> REQUIRED WORK: Wherever pictures appear in the listing below, leave them out, and copy exactly, and only, everything from the line with "А ось Зінченко" down to the line with "Електрична сушарка для".

> DATA LISTING:
# # #

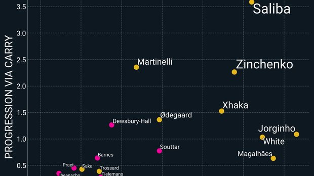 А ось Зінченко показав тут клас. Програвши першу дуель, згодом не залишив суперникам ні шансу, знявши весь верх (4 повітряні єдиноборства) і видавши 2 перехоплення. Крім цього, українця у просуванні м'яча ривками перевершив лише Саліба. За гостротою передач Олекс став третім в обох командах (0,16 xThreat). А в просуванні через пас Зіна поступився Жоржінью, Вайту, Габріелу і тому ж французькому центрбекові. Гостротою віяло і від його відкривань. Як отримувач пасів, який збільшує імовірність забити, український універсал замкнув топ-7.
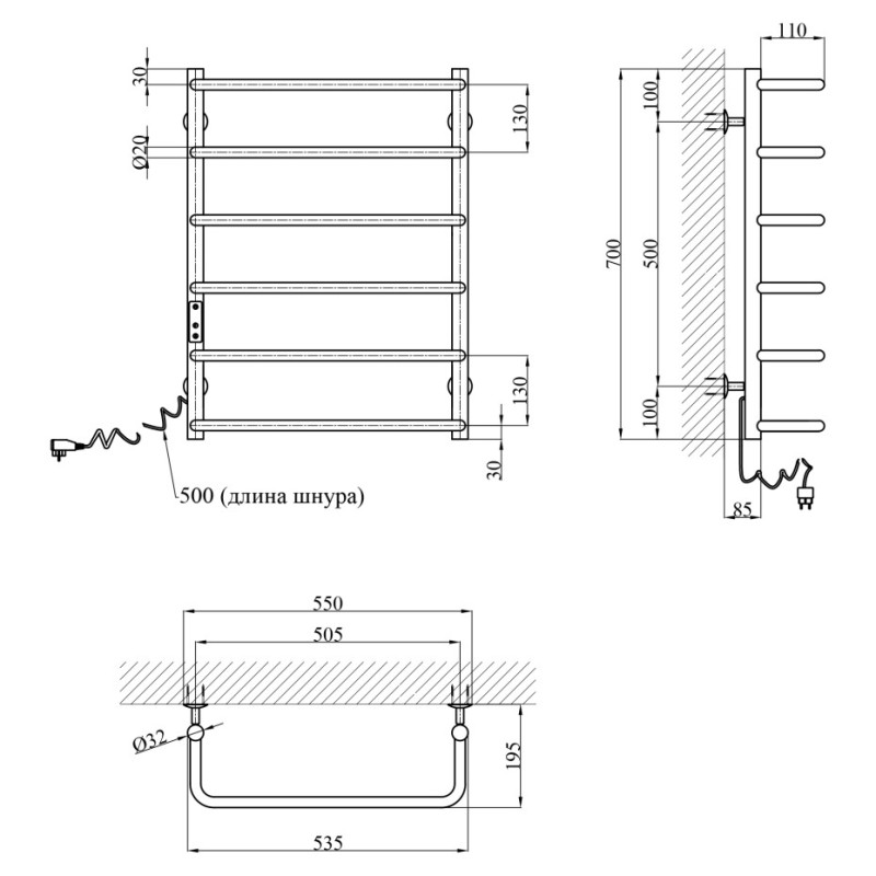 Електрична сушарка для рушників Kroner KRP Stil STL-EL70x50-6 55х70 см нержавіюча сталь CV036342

# # #

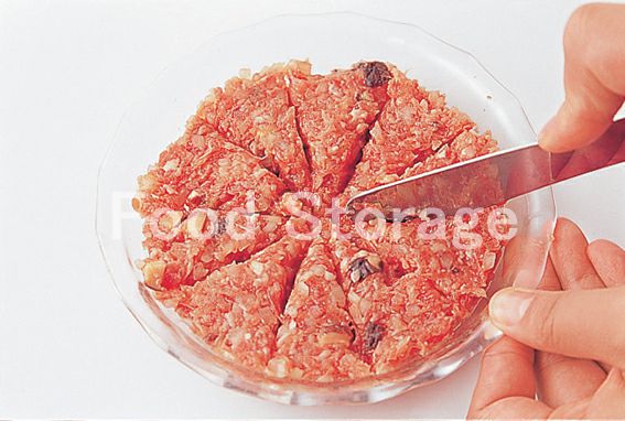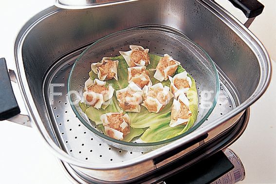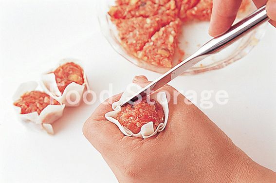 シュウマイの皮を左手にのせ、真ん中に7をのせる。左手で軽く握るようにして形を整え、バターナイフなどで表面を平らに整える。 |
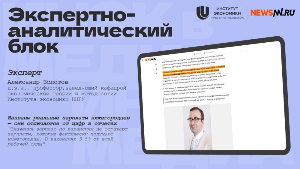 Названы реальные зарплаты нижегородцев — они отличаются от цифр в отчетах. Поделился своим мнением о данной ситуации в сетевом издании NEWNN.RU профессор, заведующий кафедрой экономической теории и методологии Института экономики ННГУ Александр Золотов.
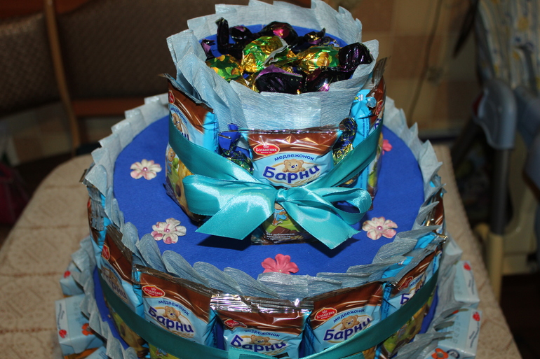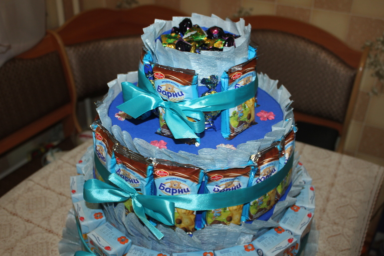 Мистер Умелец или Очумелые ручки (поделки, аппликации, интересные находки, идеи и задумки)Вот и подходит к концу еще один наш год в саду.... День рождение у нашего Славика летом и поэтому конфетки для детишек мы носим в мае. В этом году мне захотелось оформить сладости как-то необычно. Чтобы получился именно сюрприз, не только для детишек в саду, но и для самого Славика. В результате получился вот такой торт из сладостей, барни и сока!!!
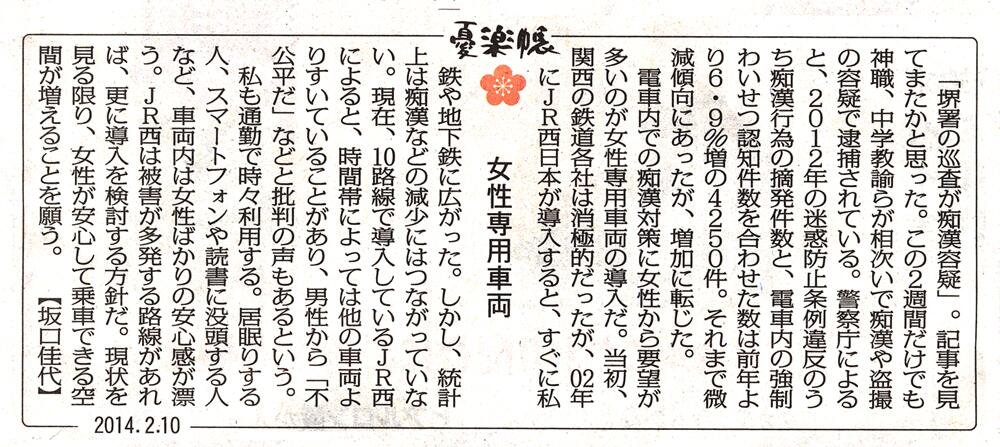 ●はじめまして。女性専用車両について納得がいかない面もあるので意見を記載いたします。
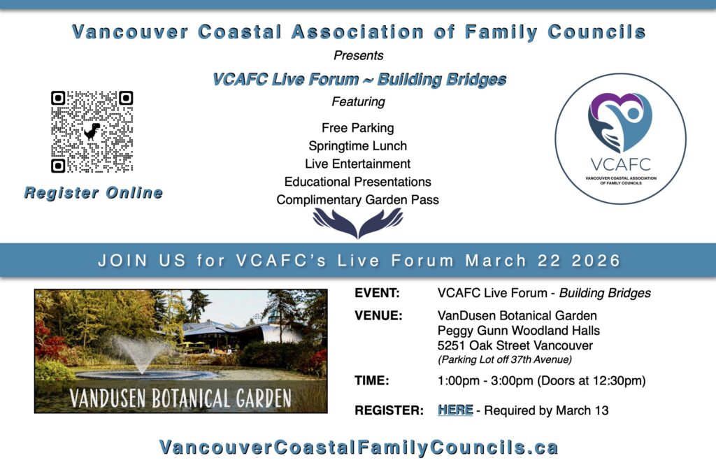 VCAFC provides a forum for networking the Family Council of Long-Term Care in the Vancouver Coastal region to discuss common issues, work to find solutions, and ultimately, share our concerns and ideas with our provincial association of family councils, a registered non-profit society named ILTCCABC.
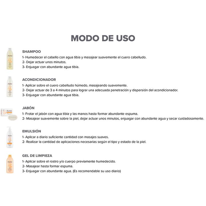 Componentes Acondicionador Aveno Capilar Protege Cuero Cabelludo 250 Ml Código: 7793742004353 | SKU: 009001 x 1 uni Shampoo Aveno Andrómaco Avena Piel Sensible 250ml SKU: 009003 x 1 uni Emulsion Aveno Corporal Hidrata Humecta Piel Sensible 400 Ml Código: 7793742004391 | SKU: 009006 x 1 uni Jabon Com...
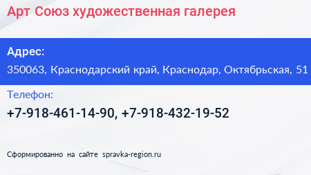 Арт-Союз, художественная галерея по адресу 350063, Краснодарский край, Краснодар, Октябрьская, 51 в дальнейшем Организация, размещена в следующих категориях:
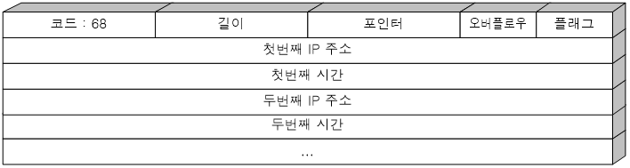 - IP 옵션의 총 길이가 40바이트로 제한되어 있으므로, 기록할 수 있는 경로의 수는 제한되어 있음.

# # #

> EXERCISE ANSWER:
 А ось Зінченко показав тут клас. Програвши першу дуель, згодом не залишив суперникам ні шансу, знявши весь верх (4 повітряні єдиноборства) і видавши 2 перехоплення. Крім цього, українця у просуванні м'яча ривками перевершив лише Саліба. За гостротою передач Олекс став третім в обох командах (0,16 xThreat). А в просуванні через пас Зіна поступився Жоржінью, Вайту, Габріелу і тому ж французькому центрбекові. Гостротою віяло і від його відкривань. Як отримувач пасів, який збільшує імовірність забити, український універсал замкнув топ-7.
 Електрична сушарка для рушників Kroner KRP Stil STL-EL70x50-6 55х70 см нержавіюча сталь CV036342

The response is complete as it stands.